Considering someone isn't on a budget and can run 5000 cloud GPU instances for a month... what length would be "uncrackable"? How'd you actually calculate?

I'm talking about offline cracking only, standard hashing algo like SHA256.

Happy to hear your thought!

Hack The Box


  • Two native language words, one foreign language word, some numbers, and special chars in between each of the aforementioned character groups. 16char's minimum in my opinion, but passwords and 2fa dont mean anything anymore considering that state actors can see anything they want with stuff like bluecoat proxies.
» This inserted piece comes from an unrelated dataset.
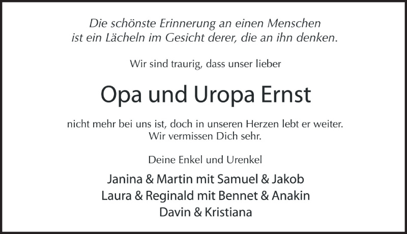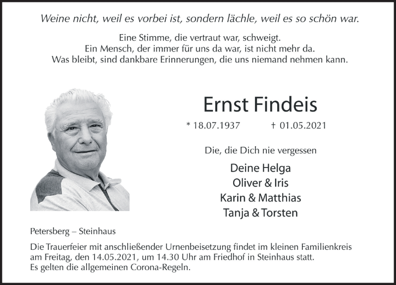 Hier finden Sie alle Traueranzeigen aus der Zeitung, die bisher für Ernst Findeis erschienen sind. Weitere Traueranzeigen, die in der Zeitung erscheinen, werden hier ebenfalls aufgelistet

    Sidechannel and MITM > cracking.

    Why pay for compute time in GCP or AWS when you can just utilize humans to pave your way to success :p

  • The complexity of the passwords and their unpredictability (e.g. lack of patterns) also affects how quickly they can be cracked using offline password cracking. If you assume lack of patterns and a set of characters used (upper/lower alphanumeric, numbers, special characters), it should be possible to estimate an average case scenario if you know the throughput one can achieve with 5000 GPU cloud instances.


  • 16char's minimum in my opinion

    Which is the maximum of Android disc encryption pass length, one of the reasons I was asking.

    Sidechannel and MITM > cracking.

    Happy to read some elaboration of the matter, links, etc.

    if you know the throughput one can achieve with 5000 GPU cloud instances.

    Assume 20.000 GTX 1080 and an engineer capable of perfect parallelization, just like you did assuming the best case scenario. So we'd image these 20.000 GPUs are in one PC running hashcat and have the most secure, patternless password possible. Again my question for calculating / estimating.